Abásolo D, Escudero J, Hornero R, Gómez C, Espino P
Biomedical Engineering Group, ETS Ingenieros de Telecomunicación, University of Valladolid, Valladolid, Spain.
Med Biol Eng Comput. 2008 Oct;46(10):1019-28. doi: 10.1007/s11517-008-0392-1. Epub 2008 Sep 11.

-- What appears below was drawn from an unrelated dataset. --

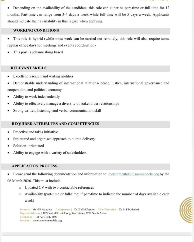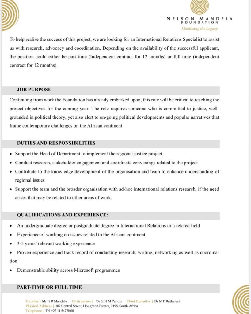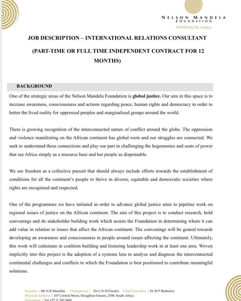 #InternationalRelations#Consultancy#AfricaJobs#HumanRights#GlobalJustice#PolicyCareers#DevelopmentJobs#ResearchJobs#Governance#NelsonMandelaFoundation ·

We analysed the electroencephalogram (EEG) from Alzheimer's disease (AD) patients with two nonlinear methods: approximate entropy (ApEn) and auto mutual information (AMI). ApEn quantifies regularity in data, while AMI detects linear and nonlinear dependencies in time series. EEGs from 11 AD patients and 11 age-matched controls were analysed. ApEn was significantly lower in AD patients at electrodes O1, O2, P3 and P4 (p < 0.01). The EEG AMI decreased more slowly with time delays in patients than in controls, with significant differences at electrodes T5, T6, O1, O2, P3 and P4 (p < 0.01). The strong correlation between results from both methods shows that the AMI rate of decrease can be used to estimate the regularity in time series. Our work suggests that nonlinear EEG analysis may contribute to increase the insight into brain dysfunction in AD, especially when different time scales are inspected, as is the case with AMI.
我们使用两种非线性方法对阿尔茨海默病(AD)患者的脑电图(EEG)进行了分析:近似熵(ApEn)和自互信息(AMI)。ApEn用于量化数据中的规律性,而AMI则检测时间序列中的线性和非线性依赖性。我们分析了11名AD患者和11名年龄匹配的对照者的脑电图。AD患者在电极O1、O2、P3和P4处的ApEn显著较低(p < 0.01)。与对照组相比,患者的脑电图AMI随时间延迟下降得更慢,在电极T5、T6、O1、O2、P3和P4处存在显著差异(p < 0.01)。两种方法的结果之间的强相关性表明,AMI的下降速率可用于估计时间序列中的规律性。我们的研究表明,非线性脑电图分析可能有助于加深对AD脑功能障碍的理解,特别是在检查不同时间尺度时,如AMI的情况。